Turns out we both had these dusty old memories of the WIC office where we went to get shots. Mine was made of red brick and mildew and smelled a bit like the incense they use at mass. Hers was different, yellow brick with lots of faux-marble linoleum and those big soapy-yellow plastic windows. We went back about as far back as two people can go when one of them is sitting behind the wheel of a newish Camry celebrating another night of being the golden child. Now she turned around and giggled and licked the blunt from end to end, saliva pulling across the corner of her mouth like a spider web. Her tongue flicked between her lips, pink and so pillowy-thick they made me shiver every time I let myself look. She handed me the blunt and I ran a lighter under it until the seams of the green leaf pulled tight together and the air started to smell blue.

It was on a side street over near where Lea lived. Her parents lived in a neighborhood of little Cape houses, the kind of place where old white people lived out their last years alongside Caribbean families who could swing the mortgage.
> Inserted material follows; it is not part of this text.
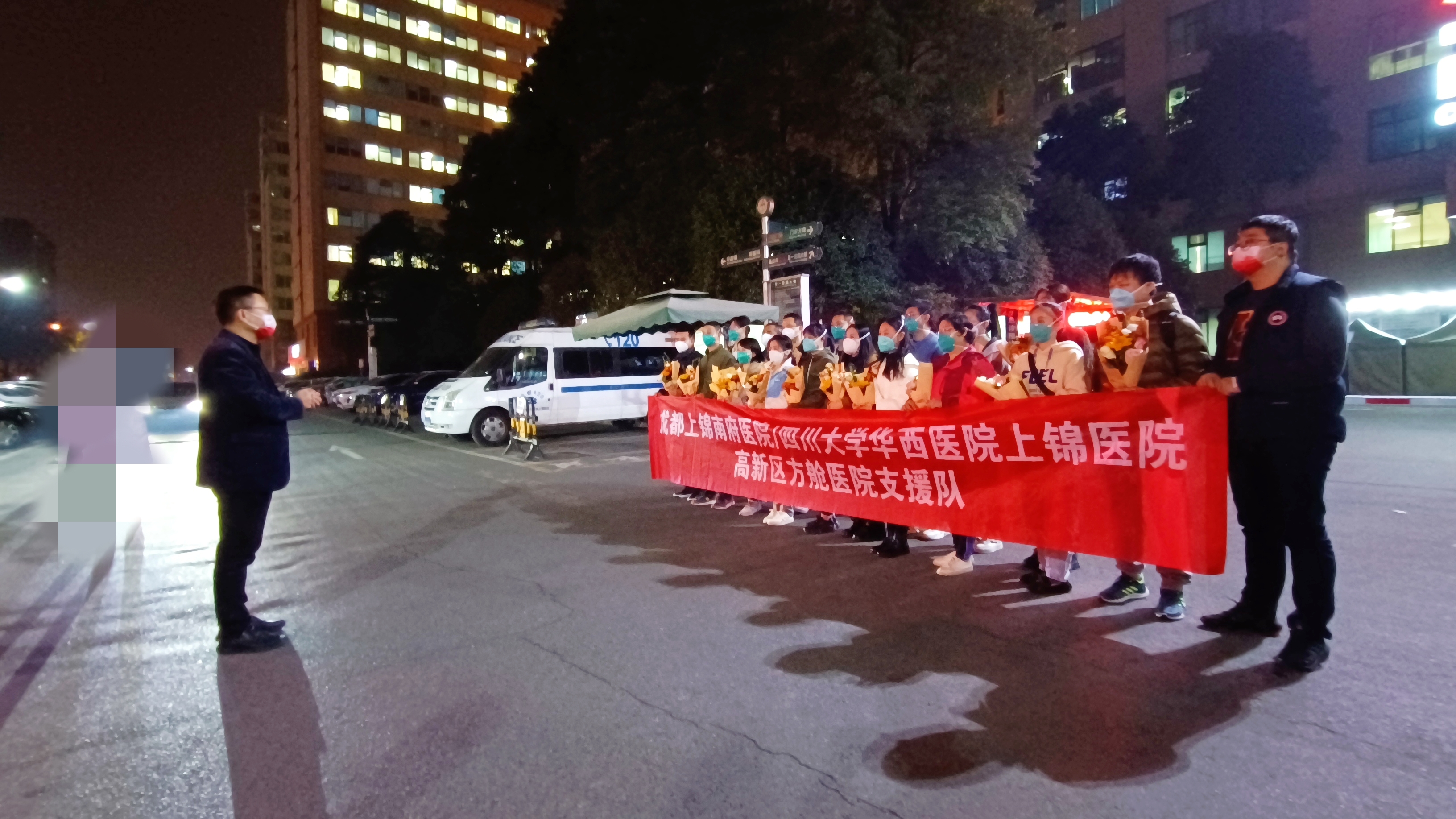 晚上9:00,我院杜晓冬副院长带领相关职能部门在医院欢迎逆行者回家,并为队员们献上鲜花。杜院长代表医院对方舱医院支援队的辛苦付出表示感谢,并表示支援队不负重托、不辱使命,圆满完成支援任务,展示出了华西上锦人良好的精神风貌和艰苦奋战的拼搏精神。疫情防控进入新阶段,作为华西医院全托管医院,上锦医院全体职工将不忘初心,牢记使命,救死扶伤,关怀服务,充分发挥华西技术水平优势,为人民健康保驾护航。

Her father had mango trees out back with a sliver of always-green lawn. It was a little slice of the American dream. Whenever I came by to sit on the leather sofa in the living room and watch Lea flip through the high-numbered channels, I wished I’d never have to leave.

For some reason she and all of her friends thought it was cool to just roll up in front of somebody’s house, park, and spark up a blunt or two. Seemed crazy. When I smoked with my boys we drove around with the windows down and worked plenty of cigarettes into the rotation to clear the air. But here we were, parked under a streetlight so we could break up the bud on a Mariah Carey CD and split the Dutch up. We’d get so we wouldn’t even move for what seemed like hours. We’d just sit there in an amber haze, running through all the stuff her friends got into, which was pretty much what my friends got into, except we had to pay for it.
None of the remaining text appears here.